I AM SITTING IN THE FORT LAUDERDALE AIRPORT.
Nothing seems to make me more introspective than an airport.
People watching. The buzz of excitement of either leaving for an adventure or heading home.
Putting on deep thought music, it allows me to reflect on where I have been, or more importantly, where I want to go from here.
Yes, the easy answer to that is always Italy for me, but I am meaning the fancy pantsy symbolic version….
WHERE THE FUCK DO I GO FROM HERE?
After three weeks in Costa Rica, listening to the ocean, seeing colors in nature that I had barely believed existed in real life and running my first retreat pretty darn successfully, I have some hope. For me, my life and this business.
Let’s have a little true confession moment, shall we?
I have no idea what I am doing a good 73% of the time. Especially when it comes to this business. Yes, I know what the fuck I am doing as a life coach for singles. I am awesome at that shit. I work my ass off to be great at that shit and it works. But getting clients, marketing, social media, pr and everything to me is like the fire swamp. I have zero clue whether or not flame spurts, lightning sand or ROUSs (Rodents of Unusual Size) are around the corner.
THIS. SHIT. IS. HARD.
I love that people look at my site and facebook and think I have shit figured out.
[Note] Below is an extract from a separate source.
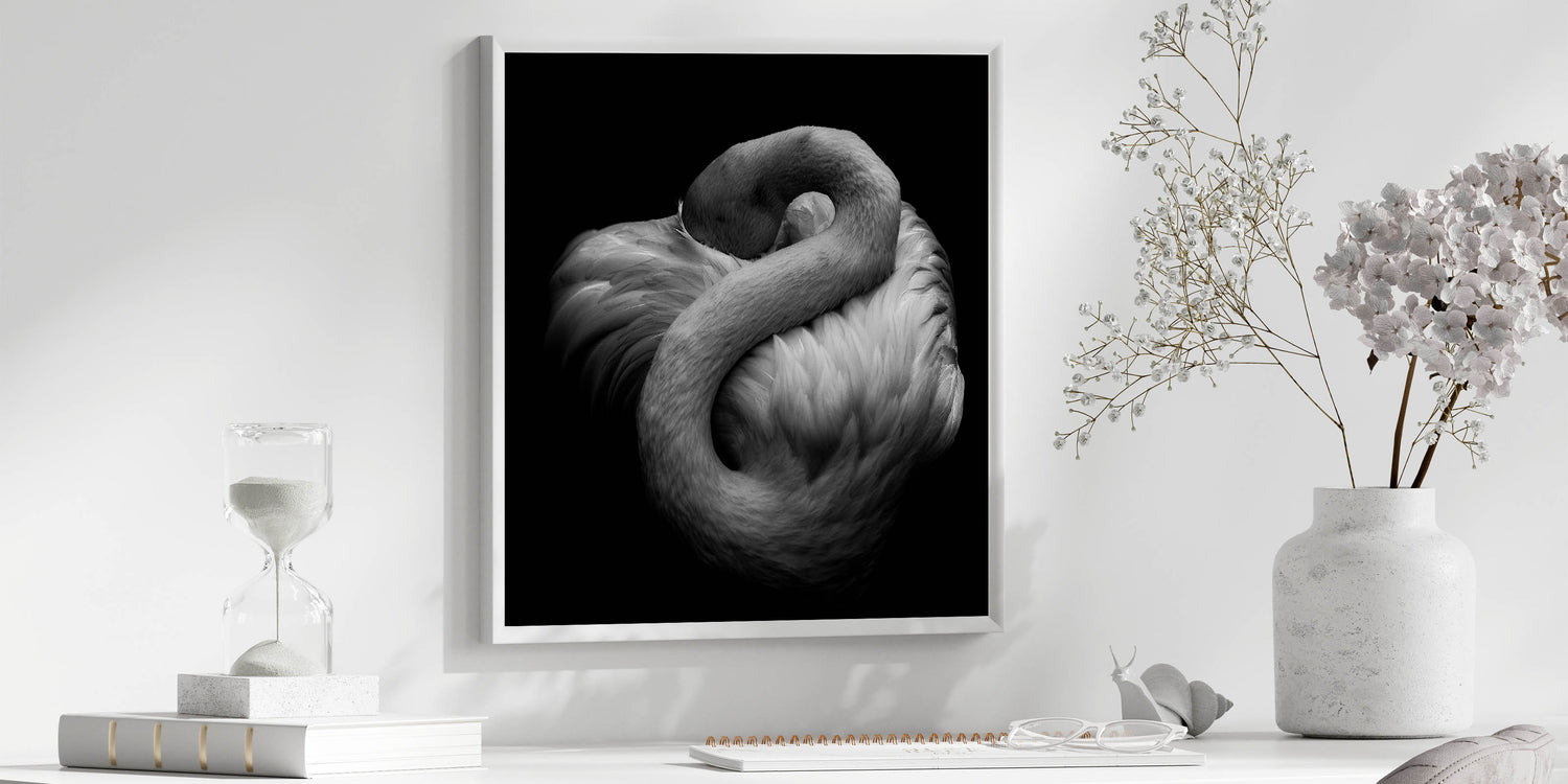 This Flamingo art print is perfect for those who appreciate the subtlety and sophistication of black and white photography. Its calm and reflective mood will add a touch of elegance and serenity to any room, making it a timeless addition to your art collection.

It makes me laugh. Hard.
This retreat I just finished was 1000% out of my comfort zone. I knew I could talk about love and relationships for three months straight, but planning travel, meals, tours and everything in between for ten women gave me the freak-outs.
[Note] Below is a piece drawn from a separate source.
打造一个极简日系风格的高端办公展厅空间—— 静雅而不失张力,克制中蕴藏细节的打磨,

In fact, as I was in the final planning phases with my friend David, who was cooking for us at the retreat, I repeated multiple times “I can’t pull this shit off! What the fuck was I thinking?”
But by the end of it. Seeing the women share openly, hug, swear, clearly care about each other and have some new positive perspectives, I just kind of breathed out. Smiled.
I DID THIS.
I did something that I had no idea I could do.
That is not only completely out of my comfort zone, but even my natural skills set.
And then something else flooded into my mind, if I could do this….what else can I do?
In my business, in life and in love.
What else can I do?
Somewhere along the way, people had told me who I was. What I should do with my life. What I am good at and what I am not. They told me who I am.
The worst part is that I believed them.
I let them define me.
I repeat, I LET them and that is bullshit.
In 2013, I went a six week road trip by myself.
In 2014, I traveled to Costa Rica and Italy and ran a retreat.
In 2015, I took 20 women on a cruise to Mexico.
This year, I went back to Costa Rica with 12 ladies, to Mexico with 42 and will be taking 12 to Greece in a few months. Now, I am starting this site.
What else can I do?
I have my own fears. Lots of them. But I either let them control me and keep me in my comfort zone or I ask myself what I want to be and go after that. No matter how uncomfortable. Even in love.
The uncomfortable is always temporary but the success is forever.
What else can you do?
ADVENTURE FOR TODAY:
Journal the shit out of these questions.
What are you believing that others have told you? Who are you letting define you? After all that you have accomplished (which I promise you is a lot) , what else can you do?
How do you prove yourself and everyone around you wrong?